Yesterday, I spent eight hours with folks from the Centers for Disease Control, learning about how to communicate with the public and the media during public health emergencies. While this stuff can indeed be pretty dry, I must say I was quite impressed with the way the CDC puts these trainings together. The presenters kept it lively and interactive, and group exercises broke up the day nicely.
Although these trainings do indeed seem to focus on potential scenarios involving anthrax or other terrorist activity (something which I see as highly unlikely), having public health officials who know how to communicate with the public doesn't seem like such a bad idea, really.
While people don't generally want to think or talk about preparing for unknown dangers which may or may not happen some time in the future, I'm beginning to get a sense of the larger picture and how the government is striving to create a coordinated system in which metropolitan areas, small towns, and even rural areas are accounted for in emergency preparedness.
Billions of taxpayer dollars have been spent in order to create the Strategic National Stockpile (SNS), the Cities Readiness Initiative, and other very complex and, ultimately costly, programs. Many people would question whether this money would have been more well spent on creating jobs, improving infrastructure, green technologies and other important issues of the day. From my perspective, this would be an excellent question to pose, however the emergency preparedness train is fully out of the station since 9/11/01, and there's simply no way to reign this one in, for better or for worse.

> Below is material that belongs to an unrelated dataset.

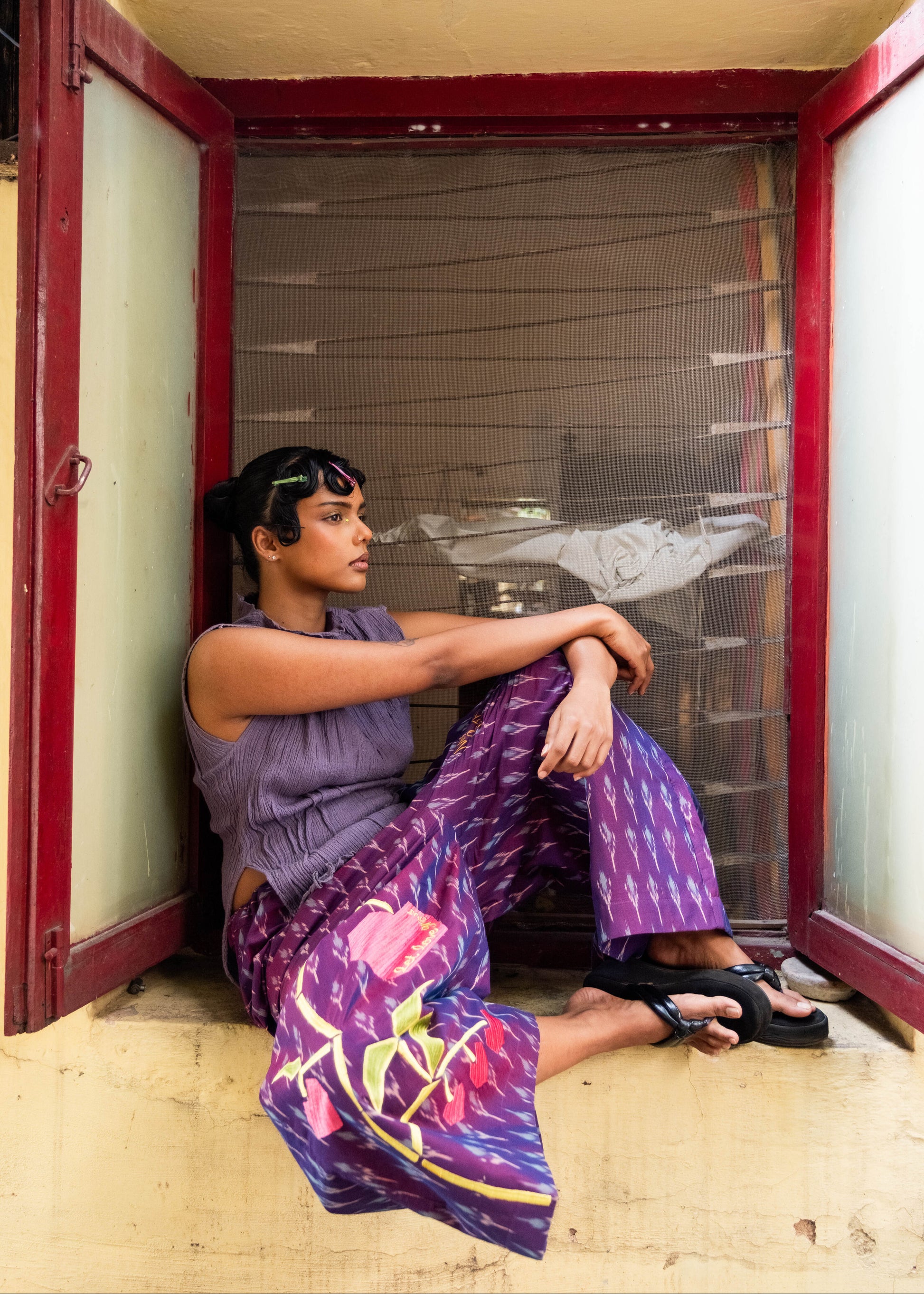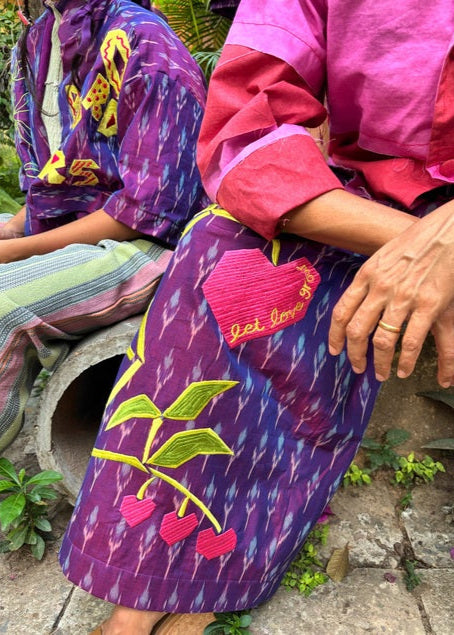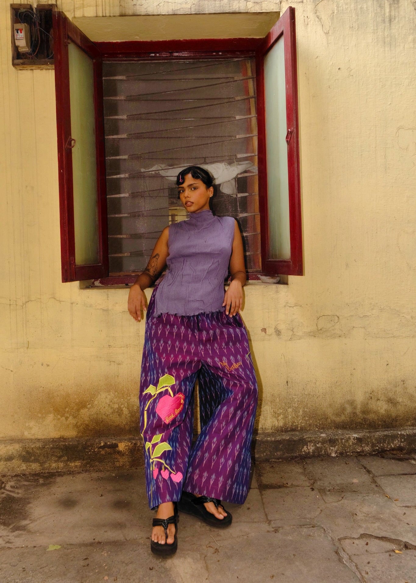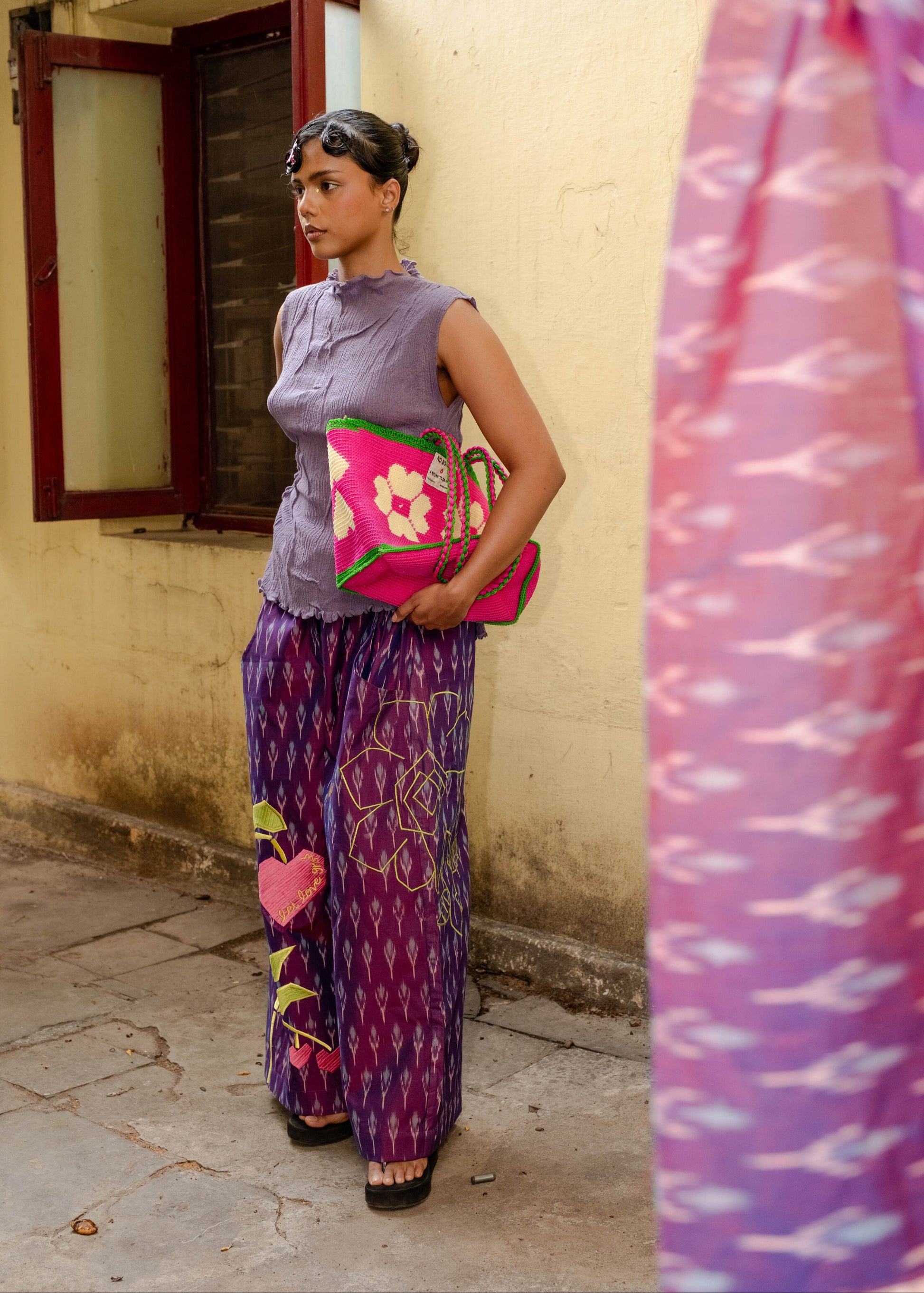 Our "Let Love Grow" Ikat Trousers, is the summer piece you just need to have! While the ikat fabric tells the story of ancestors m, the contrasting but lovable embroidery work on the piece depicts the fun loving energy we have for crafts 🌸

So, taxpayers of America, be advised that, yes, there are huge warehouses of medications at strategic points throughout the country, ready to bring antibiotics and antivirals to your town in case they're needed in a hurry. There are also thousands of people like myself constantly undergoing training in order to be able to bring those medications to you in a real emergency.
Taking into consideration the likelihood of a terrorist attack, an influenza pandemic, or another scenario in which these assets would indeed be deployed, one might be led to wonder why so much money has been sunk into these efforts of preparing for that which may never occur.
These are good questions to ask and valid points to consider. The fact is, however, that the behometh of emergency preparedness is a beast with a life (and a budget) of its own, and even though I sometimes question the amount of money being set aside for such efforts at a time of economic turmoil, as a public health official I must fulfill my mandated mission of taking these tasks seriously as I increase my knowledge of such a new and complicated world.